Some of the young men made old by the war still tramped the roads of the South, going home to poverty and a land wasted by hunger and the fires of conquering battalions. Some still rode northbound trains, maimed in body and spirit by their time in the sinks that passed for rebel prisons. Some from the Confederacy had vanished into Mexico, into the army of the khedive of Egypt, or to the West, trying to forget the invisible wounds they bore. Orry's young cousin Charles had chosen the third path.

Others had ended the war steeped in ignominy. Chief among them was Jeff Davis, run to earth near Irwinville, Georgia. Many Northern papers said he'd tried to elude capture by wearing a dress. Whatever the truth, for certain elements in the North prison wasn't enough for Davis. They wanted a hang rope.

George lit one of his expensive Cuban cigars and crossed to the windows overlooking Pennsylvania Avenue. The suite offered a fine view of the day's parade route, but he had special tickets for a reviewing stand directly across from the President's. With care, he raised a window.

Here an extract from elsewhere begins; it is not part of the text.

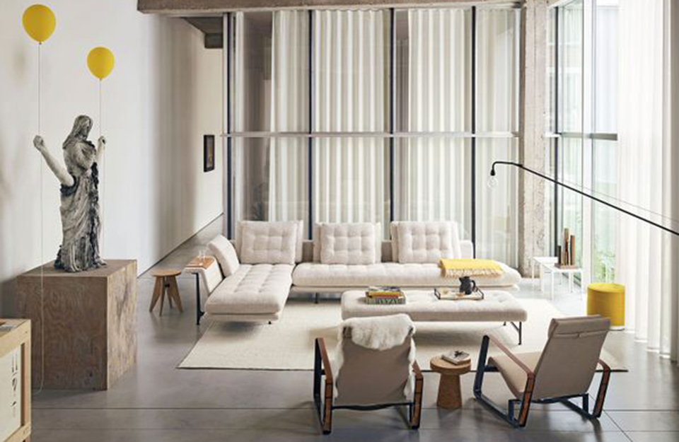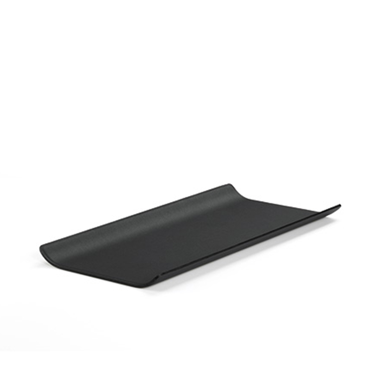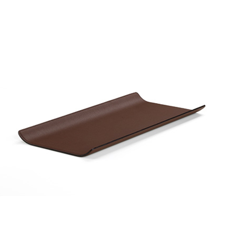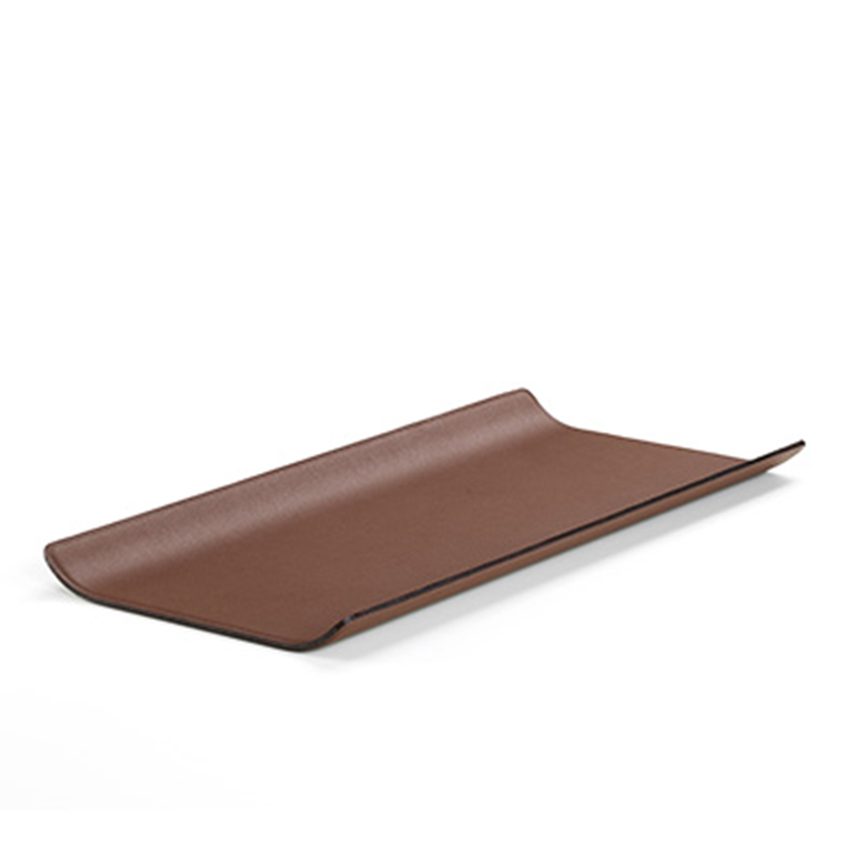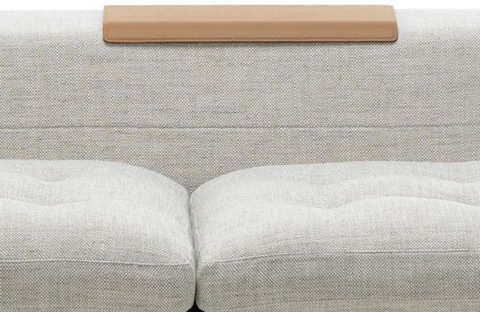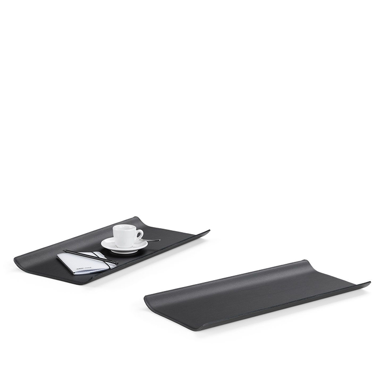 狭窄的矩形沙发托盘(2017)由Antonio Citterio设计,由皮革覆盖的钢材制成,在柔软的软垫表面上提供了一个稳定的存储区域。

The sky was cloudless. He leaned out to let the cigar smoke blow away and noticed all the patriotic bunting on the three- and four-story buildings fronting the avenue. Brighter decorations were at last replacing the funeral crepe that had hung everywhere after Lincoln's murder.

A scarlet band of light above the Potomac River basin marked the horizon. Vehicles, horsemen, and pedestrians were beginning to move on the muddy avenue below. George watched a black family — parents, five children — hurry in the direction of President's Park. They had more than the end of the war to celebrate. They had the Thirteenth Amendment, forever abolishing slavery; the states had only to ratify it to make it law.